An illustration of such a typical calendering system 10 is shown in FIGS. 1 and 2, which has three pairs of rolls (labeled as rolls 12, 14, 16, and 18) with a nip between pairs as well as a fifth roll 20, sometimes referred to as a take-off roll, that takes the sheet as it comes off the fourth roll 18. The purpose of this roll 20 is to provide tension to remove the sheet 22 as it exits the calender. The calender rolls that are part of a pair rotate in opposite directions or in the same linear direction/surface direction in the nip area 24 so that material that is fed into the entrance 26 of the nip is forced through the nip into the exit area 28 of the nip. For the first pair of rolls, the entrance of the nip is located above the rolls so that material is naturally fed into the nip via gravity upon startup or just before. Usually, a bank 30 of kneaded material (sometimes referred to as a bourelet by the inventor(s)) collects above the nip of the first pair of rolls so that enough material is present to form an uninterrupted sheet of material that can pass through the calendering system. This bank is created by oversupplying slightly the amount of material needed to create the sheet of material from a source of the material such as an extruder. In time, material is forced downward into the nip by the rotation of the rolls.

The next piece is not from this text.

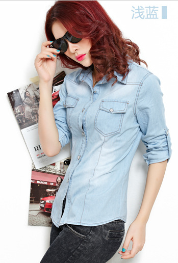 2015春裝新款女裝歐美日韓修身收腰薄款打底牛仔襯衫廠家***款

After exiting the first nip area 24a, the material then winds in a counterclockwise direction around the second roll 14 until it is reaches the third roll 16 where it goes through a second nip area 24b. Once it exits, the material then winds in a clockwise direction around the third roll 16 and then encounters the fourth roll 18 where it goes through the third nip area 24c. At this point, the sheet then attaches to the fourth roll 18 where it is rotates in a counterclockwise direction once more around the bottom and part of the back of the fourth roll 18 and on top of the fifth roll 20, which is rotated in the clockwise direction and which is biased upwards to place the sheet in tension before it proceeds to a production center where some tire component is made using the sheet of material. This desired path is shown by the solid outline of material whereas an unintended circulation of material is represented by the dashed arrows as will be described in further detail later.
All the rolls or pairs of rolls can be commonly driven by a single motor using gears, chains, or belts. In such a case, the speed of all the rolls or of the rolls of a pair can be the same or can be different utilizing some sort of transmission system such as a variable speed ratio reducer between the rolls and the motor. Alternatively, all the rolls can be independently driven using a separate motor for each roll. In that case, electronic controls are sometimes furnished that allow tight and independent control of the speed of each roll by way of suitable programming by the operator or some other control algorithm executed by a computer. For example of rolls that are independently driven or that can operate at different adjustable speeds. See, e.g., U.S. Pat. Nos. 2,333,629; 4,444,361; and G.B. Pat. Nos. 856,454; 620,340.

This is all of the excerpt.